I had never met Lalitha until last Thursday. When everyone around us was congratulating her, I did too. “Sooo… What are you celebrating, can I ask?!!” I asked her with a big smile on my face and my hand reaching out to shake hers.
“Oh yeah, sure! Jimmy and I got married.” She returned my smile as she strained her neck a little to glance over my head. I half turned around to my right to see a tall young man with slicked back hair and a small stubble smiling at me.
He was holding a plate full of Indian food in his hands. The plate, I later observed in detail, had 2 bajjis, 2 garlic naans, 2 balls of malai kofta, a spoon of raita and a small heap of rice in the middle. I have to say, I was impressed. How was a white guy managing such a neatly arranged ensemble of ethnic cuisine, I wondered.
I moved a little to accommodate him to squeeze through the little space between our tables. Ram was celebrating his 60th birthday and we were all here for the big party. This restaurant is a new one on this side of Atlanta, and I was excited to check it out.
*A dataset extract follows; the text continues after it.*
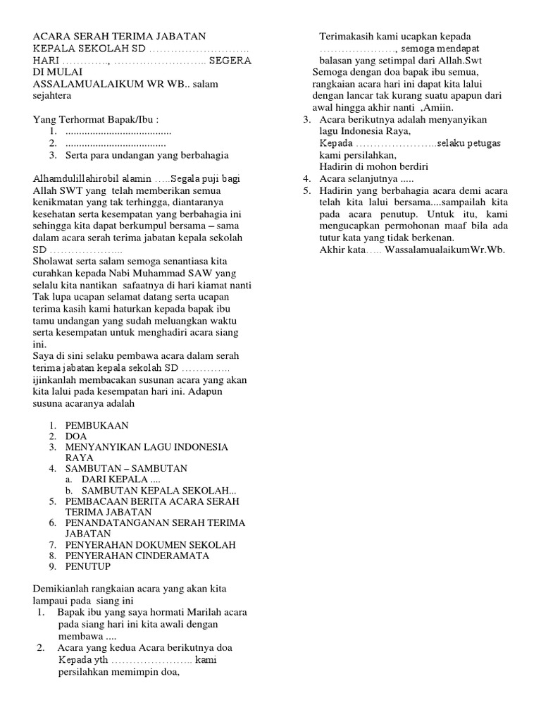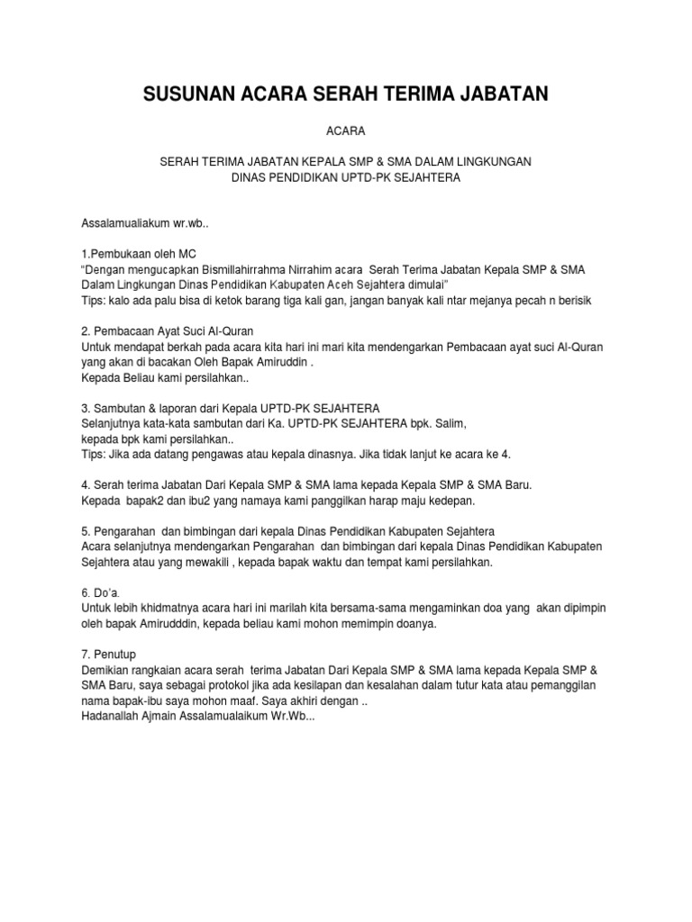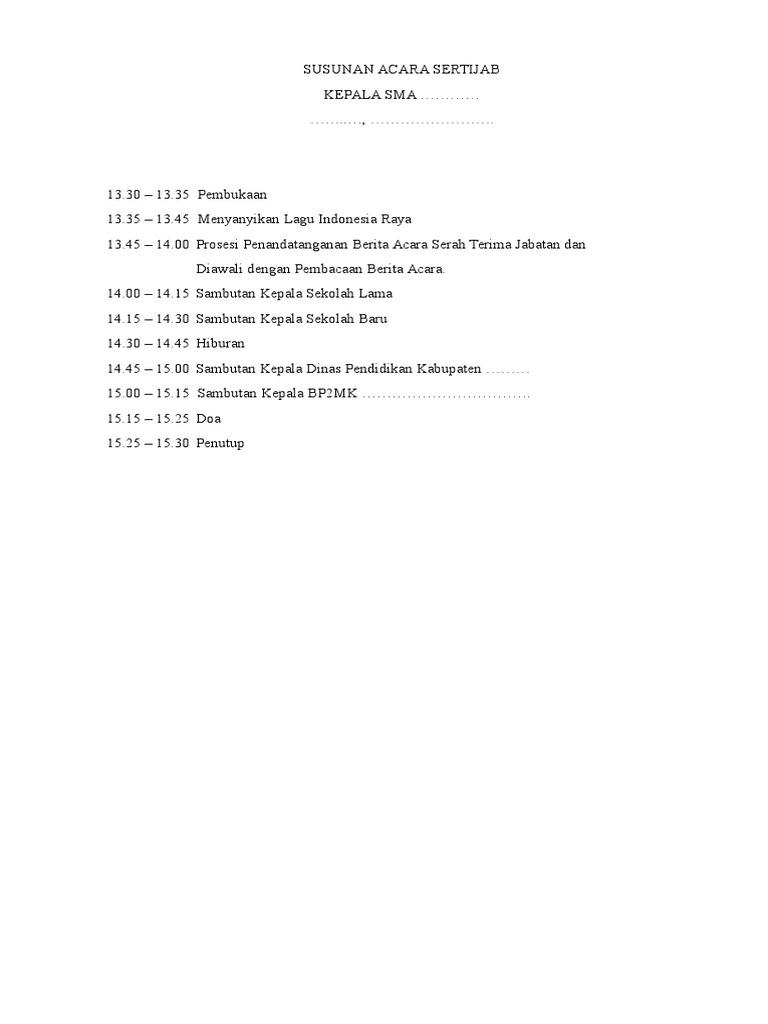 Susunan Acara Sertijab Kepala Sekolah Pdf

There were quite a few folks I knew already and there were some new faces. I like to put myself near strangers, so you know, I can get their “stories”. It’s a writer’s life, and it’s our prerogative to hunt for them.
As the evening gathered momentum, the private room we were in turned bright and lively. On one side of the room was the bar, and two big screen TVs at both ends. And on the other side, the room was separated from the rest of the restaurant by a wall made by steel strands suspended from the ceiling. These steel strands had thick 4 inch rectangular glass pieces cascading in a waterfall pattern.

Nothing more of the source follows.